A few days after the original UPS incident the building experienced a real power failure (I had already secured power cables so they couldn’t be pulled put of the sockets again) and we lost severs again even though the generator had kicked in! No alerts just crashed servers.  This made no sense so down to the server room I go.  Lo and behold the UPS that had been the problem earlier was deader than a doorknob even though the server room had power!  No amount of fiddling with the UPS would wake it up, it appeared to have failed completely.  I shuffled power cables around and even put some cables direct on to the mains and brought all of the crashed servers back on line.  Time to investigate what had happened.

To make a long story short, it appeared that our fast-switch UPS was actually faulty.  We discovered this once the UPS finally came back online and we ran a calibration test on the unit.  As soon as we kicked off the calibration (a simulated power failure) the UPS crashed horribly and became as dead as a doorknob. This explained why the servers crashed as power would have been cut off immediately (no battery power) AND the UPS could not signal servers to shutdown as the whole unit crashed at once. 
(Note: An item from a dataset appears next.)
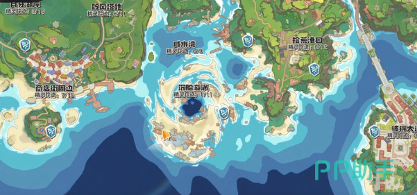 玩家来到地图的下方,马上就能看到有一个沉船漩涡。通过传送点就可以迅速的来到红圈位置,这里就有一个副本。进入到副本之后,可以通过传送门让水位逐渐的上涨。接着来到三个传送门的附近,然后通过中间的传送门进去。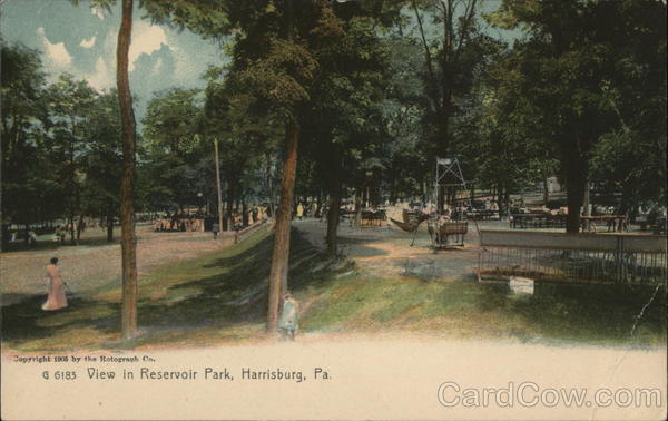 Front: in 4449 Copyright 1905 by the Rotograph Co. G 6183 View in Reservoir Park, Harrisburg, Pa. KEEP DPW MBANKMEN Back: The Rotograph Co., N. Y., City. (Germany. Two cents

The UPS had become faulty sometime between the last time we ran tests and calibrations on the unit and the first power failure where the unit actually failed.  All of our planning and design became compromised at that point because we had designed around both a fast-switch and a slow-switch UPS without taking into account the fact that a UPS *could* fail totally.  To be fair, none of us had ever come across a situation like this one.  Normally we see batteries start to fail (and the UPS tells you) or there is a wiring fault (and the UPS tells you) and that can be easily fixed.  A total failure of the UPS just seemed out of the question until this happened.
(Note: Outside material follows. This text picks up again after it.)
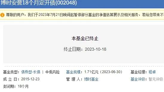2023年10月18日,博时基金一只名为“博时安誉18个月定期开放债券型基金”正式终止。

Moral of the story: plan for the worst and design accordingly.  In our case we have already ordered an additional fast-switch UPS (bigger and better, too!) and our UPS vendor is replacing the  failed unit under warranty.  And, yes, we will test more frequently; you should, too!  A UPS infrastructure is ONLY as good as the UPS’s are; are they healthy?  Do they alert properly?  Do they shut your systems down cleanly?  Don’t wait for the inevitable power failure to find out as you may not be as lucky as we were.  We didn’t suffer any permanent damage to our systems (although ego’s may have been slightly bruised) but that was more fluke than anything else.  Learn from this cautionary tale, we certainly have!!